• _SOURCE DATA_

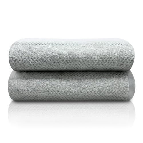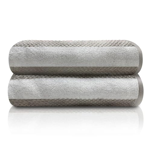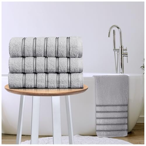 GC GAVENO CAVAILIA Bath Towel Set (70x120 cm) - 100% Ring Spun Cotton Striped Bath Towels 2 Pack - Water Absorbent & Quick Dry Bathroom Towels - Soft Hotel Quality Large Towel -Grey
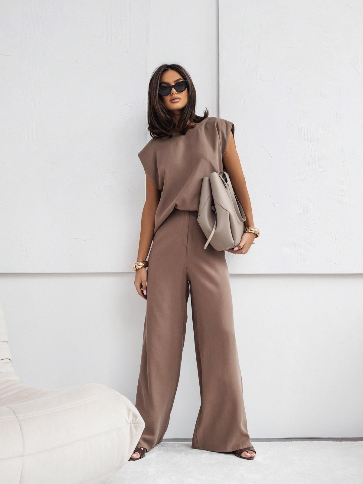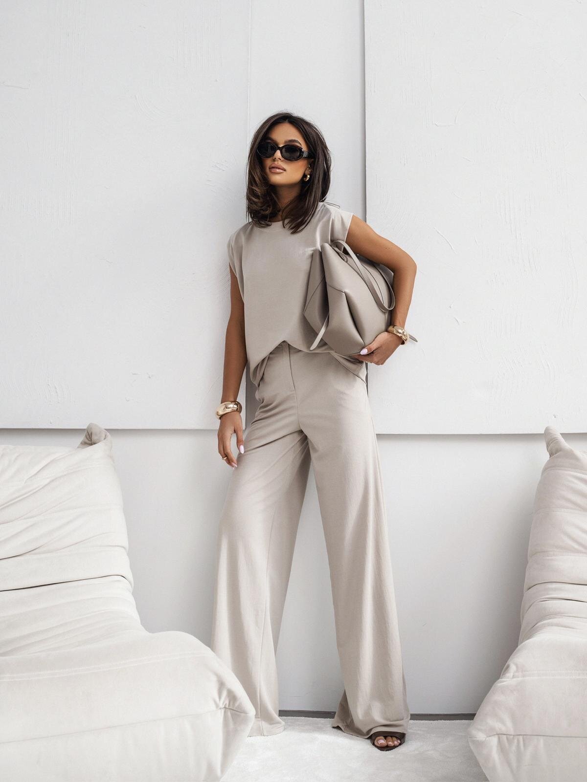 Komplett kétrészes szett - tartalmaz egy ujjatlan blúzt és egy bő szárú nadrágot. Ez egy stílusos, azonnal viselhető kombináció, amely leegyszerűsíti a ruhatárad kiválasztását bármilyen alkalomra.
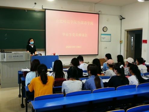 本网讯 6月29日下午,外国语学院学生党支部在逸夫楼105举办了毕业生党员座谈会及重温入党誓词的活动,支部书记方媛主持会议。
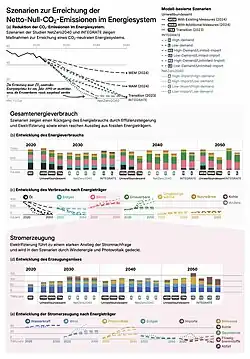 D.7: „Alle Szenarien zeigen, dass es einen raschen Ausstieg aus fossilen Brennstoffen braucht, um Klimaneutralität zu erreichen. Deren Anteil am Bruttoinlandsverbrauch sinkt von 68 % im Jahr 2021 auf 2–3 % im Jahr 2040. Fossile Flüssigbrennstoffe und fossiles Methan werden teilweise durch unterschiedliche Mengen biogener oder synthetischer Brennstoffe ersetzt; in den Szenarien wird ein geringer Anteil fossiler Brennstoffe in Kombination mit Kohlendioxidabscheidung und -speicherung im Jahr 2040 verwendet (1,25–1,5 Mio. t CO2 pro Jahr, entspricht 5,7–6,7 TWh pro Jahr).“
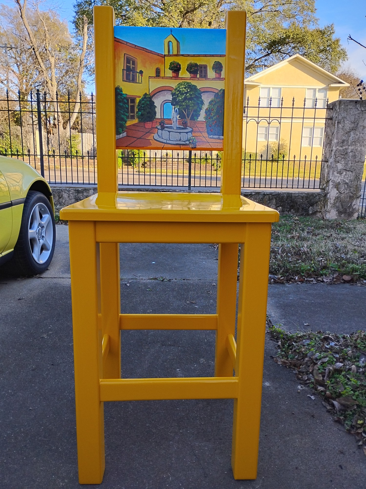 New Lacandona Tall Mexican Bar Chair, shiny finish, hand painted scene in back, back height 49 1/4" T, seat height 28", 19" W.
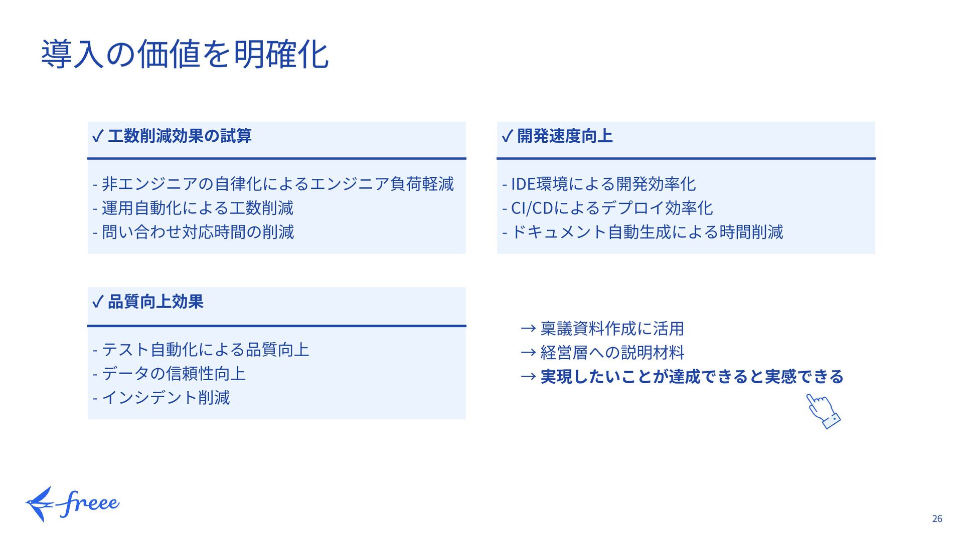 ✓ 開発速度向上 - IDE環境による開発効率化 - CI/CDによるデプロイ効率化 - ドキュメント⾃動⽣成による時間削減 → 稟議資料作成に活⽤ → 経営層への説明材料 → 実現したいことが達成できると実感できる ✓ 品質向上効果 - テスト⾃動化による品質向上 - データの信頼性向上 - インシデント削減
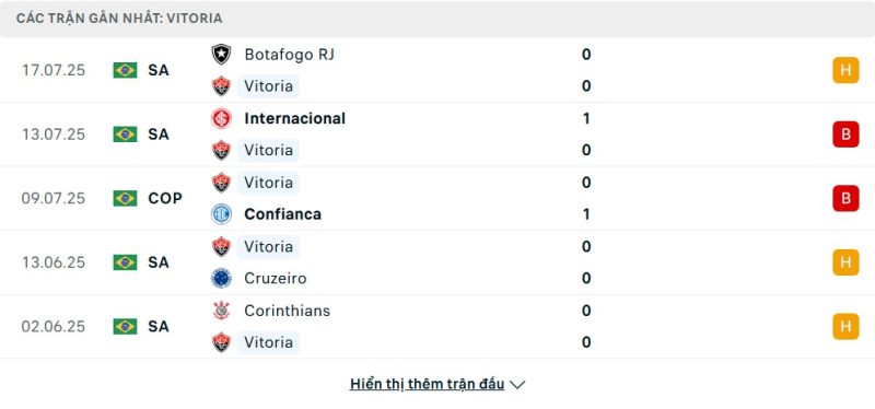 Vitória đang trải qua một chuỗi trận vô cùng đáng quên. Trong 8 trận gần nhất trên mọi đấu trường, họ không giành được bất kỳ chiến thắng nào, với 5 thất bại và 3 trận hòa. Hàng công thiếu sắc bén, trong khi hàng thủ lại thường xuyên mắc sai lầm ở những thời điểm quyết định. Trận gần nhất gặp Botafogo RJ, họ tiếp tục thể hiện bộ mặt nhạt nhòa và không thể ghi bàn. Vị trí của Vitória ở nhóm cuối bảng xếp hạng hoàn toàn phản ánh phong độ đáng lo ngại này.
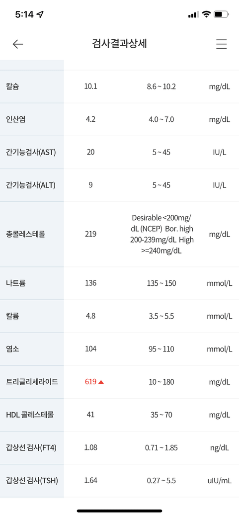 현재 중성지방이 많이 높은 상태이므로 소아 내분비에서 진료를 받아보시는 것이 좋겠습니다.
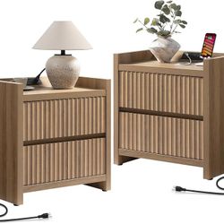 Night Stands Set of 2-Fluted Nightstands with Charging Station- Modern 2 Drawers Nightstand 25" Tall Bedside Table End Table, Large Night Stand for Be$135Arcadia, CA
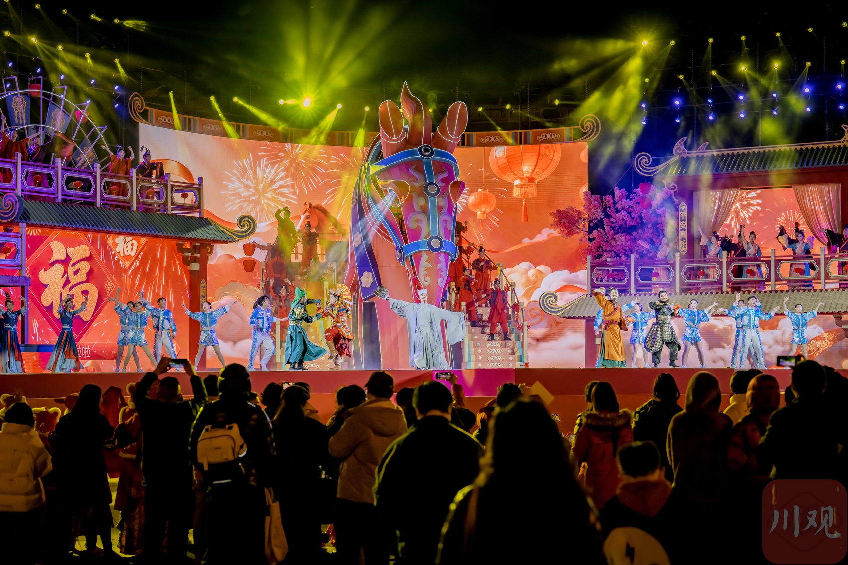 2月11日晚,2026武侯祠成都大庙会试灯活动现场的大型三国主题演出。C视觉签约摄影师 杨容生
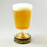 The glass is a double-wall glass that retains heat and cold. It keeps cold drinks cold and prevents condensation, while hot drinks stay hot and can be held without being hot.
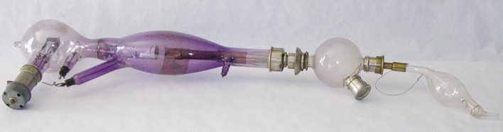 Pieza de cristal fino para la producción de rayos X que utiliza una válvula de vacío. La radiación se emite por la colisión de electrones generados en el cátodo contra los átomos del ánodo.
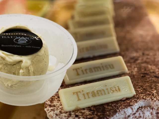 Zutaten: VollMILCH, EIgelb, RAHM, 8.20% Tiramisupaste (Invertzuckersirup, Glukosesirup, Marsalawein (DOC) ALKOHOL, Zucker, Mascarpone (KÄSE), gefriergetrocknetes Kaffeepulver, Verdickungsmittel (Carrageen)), 8.20% Kaffeesoße (Glukosesirup, Wasser, Karamel Tiefgekühlt aufbewahren bei min.-18°C
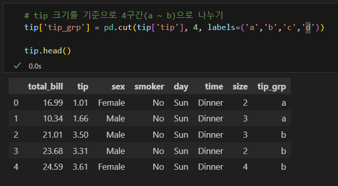 my_bin과 my_label의 범위 개수가 같아야한다.
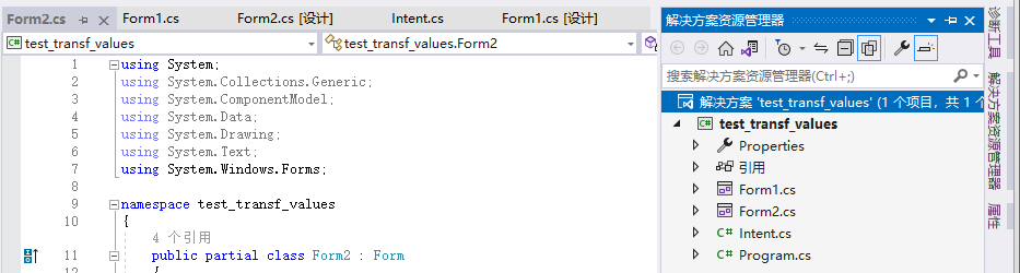 Intent.cs是解决方案的核心,使用一个Key-Values的字典dict,这个字典用于存放窗体与窗体之间传递的数值,dict左边的key用string,右边的values用Object,这样面对不同的数值传递都可以应付。同时将这个字典dict直接设置成public static,调用不用这么麻烦。
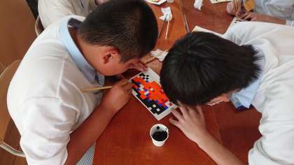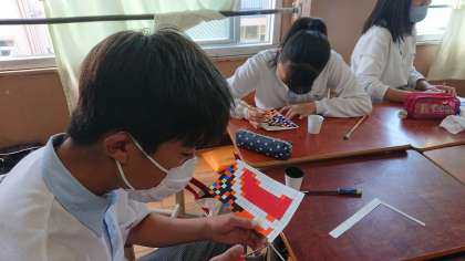 生徒一人一人が担当した色を丁寧に塗り,その一つ一つをつなぎ合わせ,大きな絵を再現する計画です。全学年で取組む作業は終わりましたが,この後,文化委員が最後の工程を進めていきます。どのような作品になるのか楽しみです。
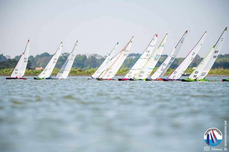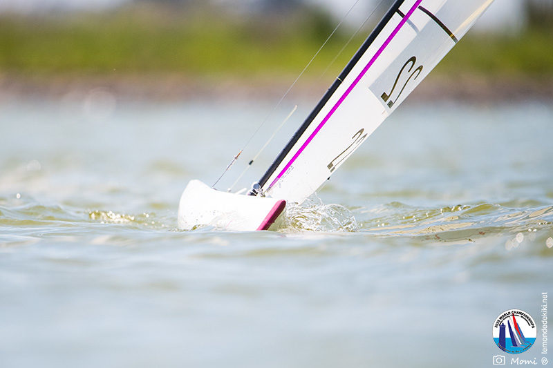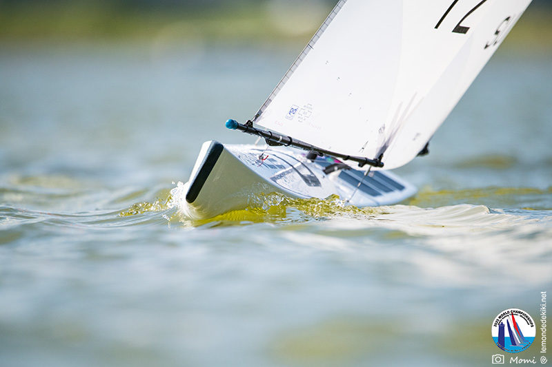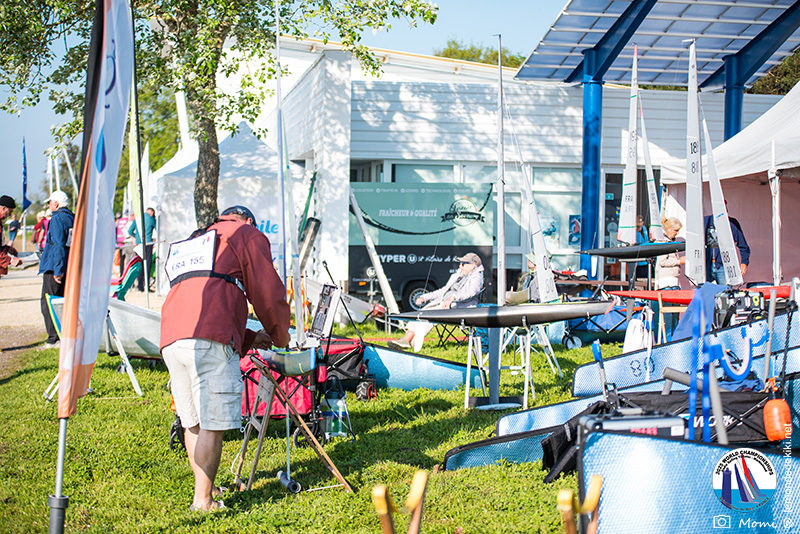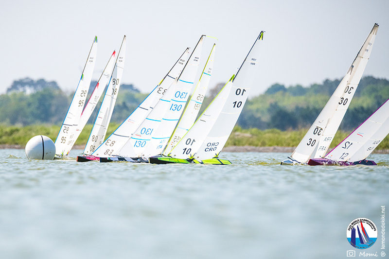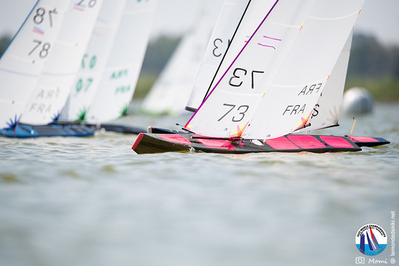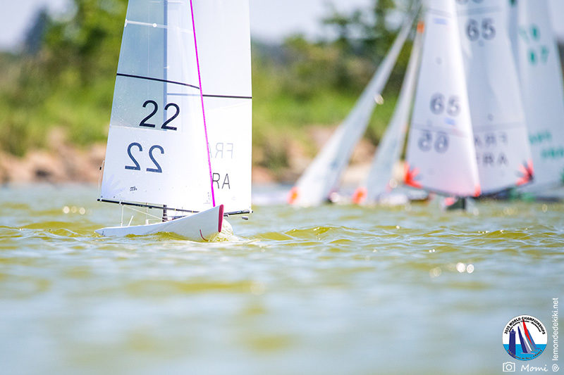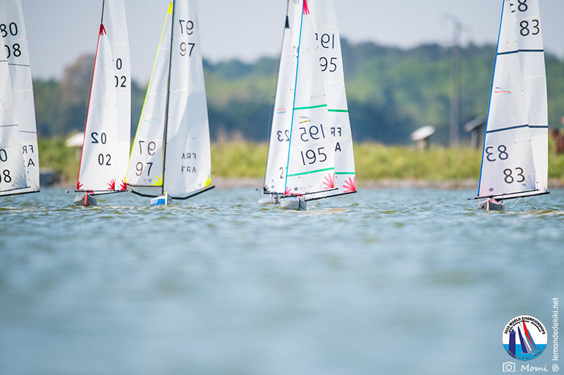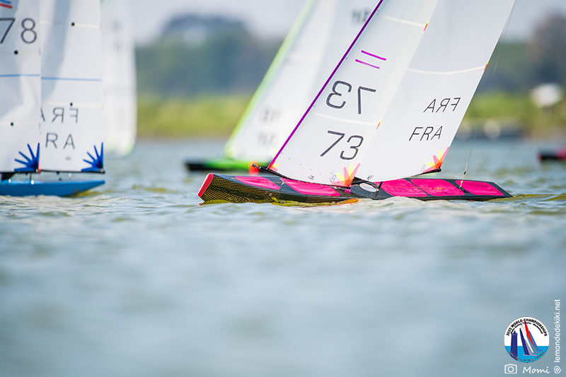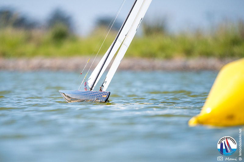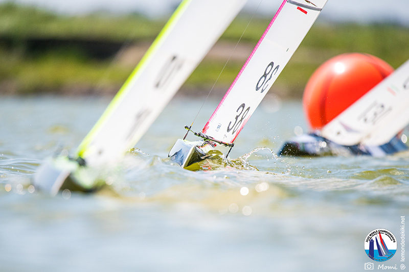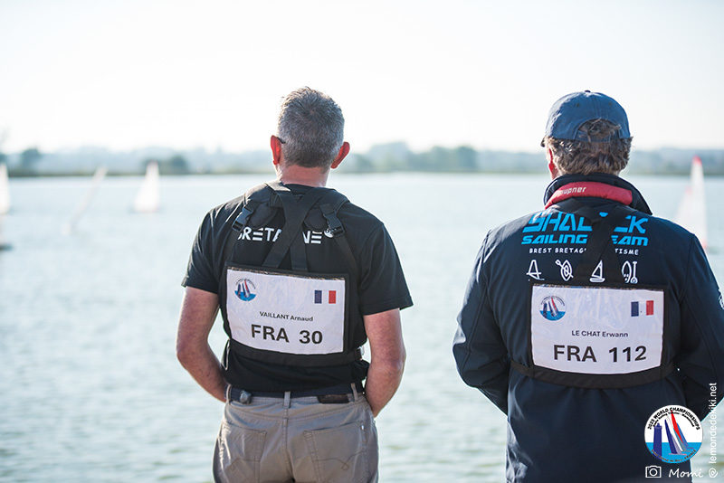 La journée se termine donc avec Graham Bantock GBR95 (26pts) qui se hisse sur la première marche temporaire devant Ante Kovacevic CRO10 (29pts) à seulement 3 pts, alors qu’il pointait hier soir à la 11ième place à 21pts du premier, suivi de Florent Guillaume FRA73 (31pts) qui a eu une fin de journée compliquée (13 sur la course 8 et 19 sur la course 9). [Already 6 races validated, the 6A is over. It’s time to go eat… with a big smile for this last photo. Not that I’m making fun of a tack that steals the show from the splashes, but I’m delighted once again to have the photo of Rémi FRA142’s boat racing with a midge, which is becoming customary, even a challenge for Momi. Mustache, midge, the step is not that of a large giraffe, it would be more like the wingbeat of a small insect! The day ended like this, under the sun, to be exact! Christophe Boisnault retired following two incidents with his new canting mast, not having access to the tackle sheet within the allotted time, which had snapped. However, he is pleased with the effectiveness of this innovation, and does not intend to stop there; it’s a case to follow closely. In the meantime, the « cruise has fun » has well deserved a little rest! 😀 The day thus ended with Graham Bantock GBR95 (26 points) moving up to the temporary top spot ahead of Ante Kovacevic CRO10 (29 points), just 3 points behind. Last night, he was in 11th place, 21 points behind the leader, followed by Florent Guillaume FRA73 (31 points), who had a difficult end to the day (13 points in race 8 and 19 points in race 9).]
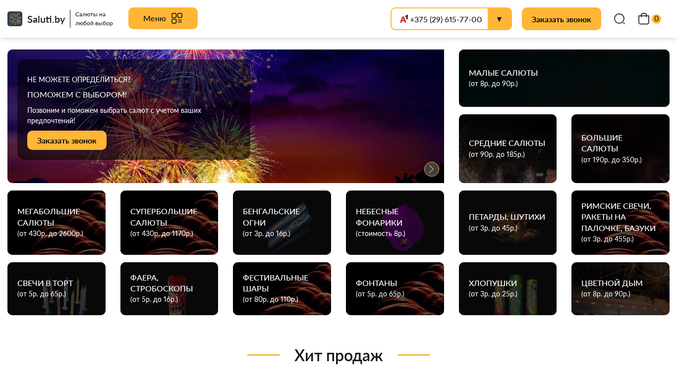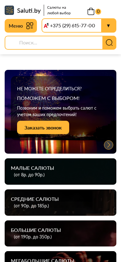 | AI-анализ | --- The portal Saluti.by is an e-commerce website selling fireworks and salutes in Minsk, Belarus, and the region at affordable prices with a quality guarantee. The extensive assortment allows customers to choose the ideal pyrotechnics for any occasion. Users can explore the options and place an order with delivery right away! The website offers a variety of fireworks, from small ones priced at 3 Belarusian rubles to mega-sized ones costing up to 2,600 Belarusian rubles. Other products include Bengal lights, sparklers, rockets on sticks, roman candles, colored smoke, and various fireworks accessories. The website provides video previews for some items and allows users to add items to their cart or call for assistance in making a selection. The contact information includes phone numbers for two different offices, but no email or physical address is |
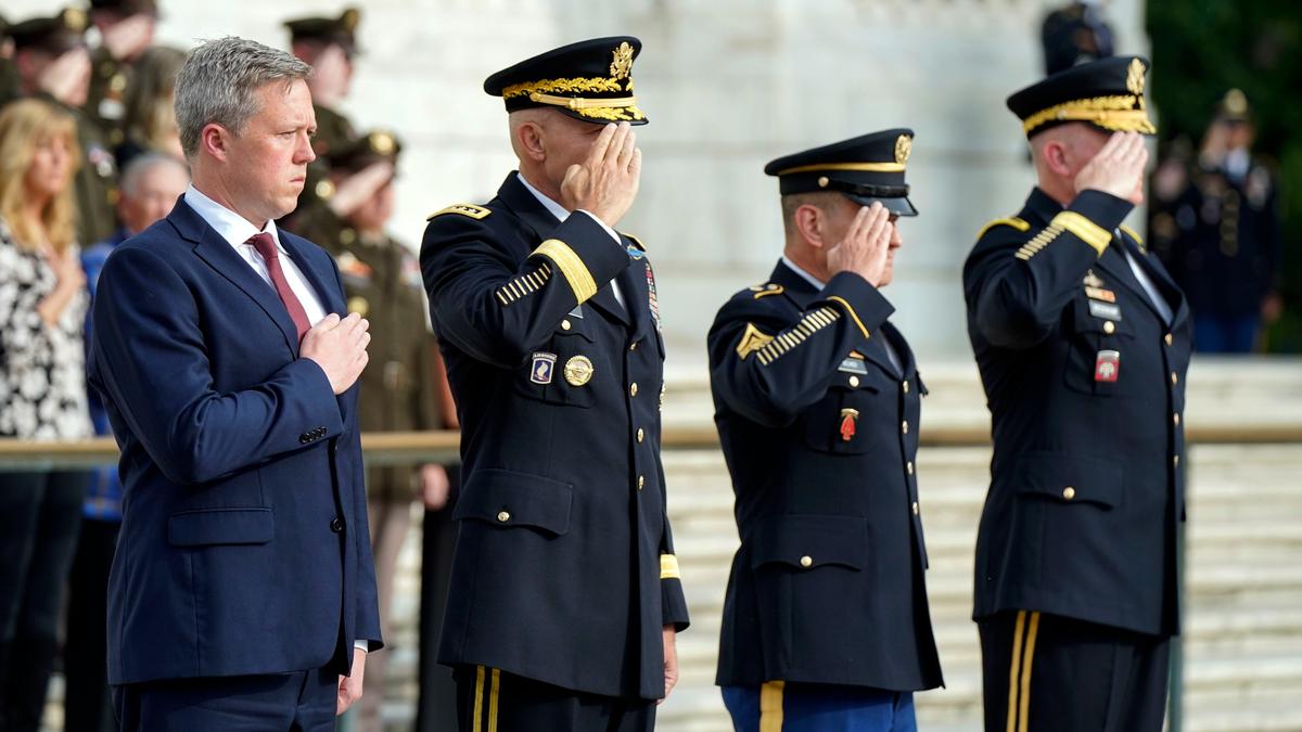 US Army Secretary Daniel Driscoll (L) participates in a ceremony honouring the Army's 250th Birthday at the Tomb of the Unknown Solider at Arlington National Cemetery, Virginia, 14 June 2025. Photo: EPA / BONNIE CASH

• _YOUR GOAL_
Your reply is to be an exact repeat of the listing above from the line holding "Pieza de cristal" down to the line holding "La journée se", ends included, pictures excluded.

• _ANSWER_
 Pieza de cristal fino para la producción de rayos X que utiliza una válvula de vacío. La radiación se emite por la colisión de electrones generados en el cátodo contra los átomos del ánodo.
 Zutaten: VollMILCH, EIgelb, RAHM, 8.20% Tiramisupaste (Invertzuckersirup, Glukosesirup, Marsalawein (DOC) ALKOHOL, Zucker, Mascarpone (KÄSE), gefriergetrocknetes Kaffeepulver, Verdickungsmittel (Carrageen)), 8.20% Kaffeesoße (Glukosesirup, Wasser, Karamel Tiefgekühlt aufbewahren bei min.-18°C
 my_bin과 my_label의 범위 개수가 같아야한다.
 Intent.cs是解决方案的核心,使用一个Key-Values的字典dict,这个字典用于存放窗体与窗体之间传递的数值,dict左边的key用string,右边的values用Object,这样面对不同的数值传递都可以应付。同时将这个字典dict直接设置成public static,调用不用这么麻烦。
 生徒一人一人が担当した色を丁寧に塗り,その一つ一つをつなぎ合わせ,大きな絵を再現する計画です。全学年で取組む作業は終わりましたが,この後,文化委員が最後の工程を進めていきます。どのような作品になるのか楽しみです。
 La journée se termine donc avec Graham Bantock GBR95 (26pts) qui se hisse sur la première marche temporaire devant Ante Kovacevic CRO10 (29pts) à seulement 3 pts, alors qu’il pointait hier soir à la 11ième place à 21pts du premier, suivi de Florent Guillaume FRA73 (31pts) qui a eu une fin de journée compliquée (13 sur la course 8 et 19 sur la course 9). [Already 6 races validated, the 6A is over. It’s time to go eat… with a big smile for this last photo. Not that I’m making fun of a tack that steals the show from the splashes, but I’m delighted once again to have the photo of Rémi FRA142’s boat racing with a midge, which is becoming customary, even a challenge for Momi. Mustache, midge, the step is not that of a large giraffe, it would be more like the wingbeat of a small insect! The day ended like this, under the sun, to be exact! Christophe Boisnault retired following two incidents with his new canting mast, not having access to the tackle sheet within the allotted time, which had snapped. However, he is pleased with the effectiveness of this innovation, and does not intend to stop there; it’s a case to follow closely. In the meantime, the « cruise has fun » has well deserved a little rest! 😀 The day thus ended with Graham Bantock GBR95 (26 points) moving up to the temporary top spot ahead of Ante Kovacevic CRO10 (29 points), just 3 points behind. Last night, he was in 11th place, 21 points behind the leader, followed by Florent Guillaume FRA73 (31 points), who had a difficult end to the day (13 points in race 8 and 19 points in race 9).]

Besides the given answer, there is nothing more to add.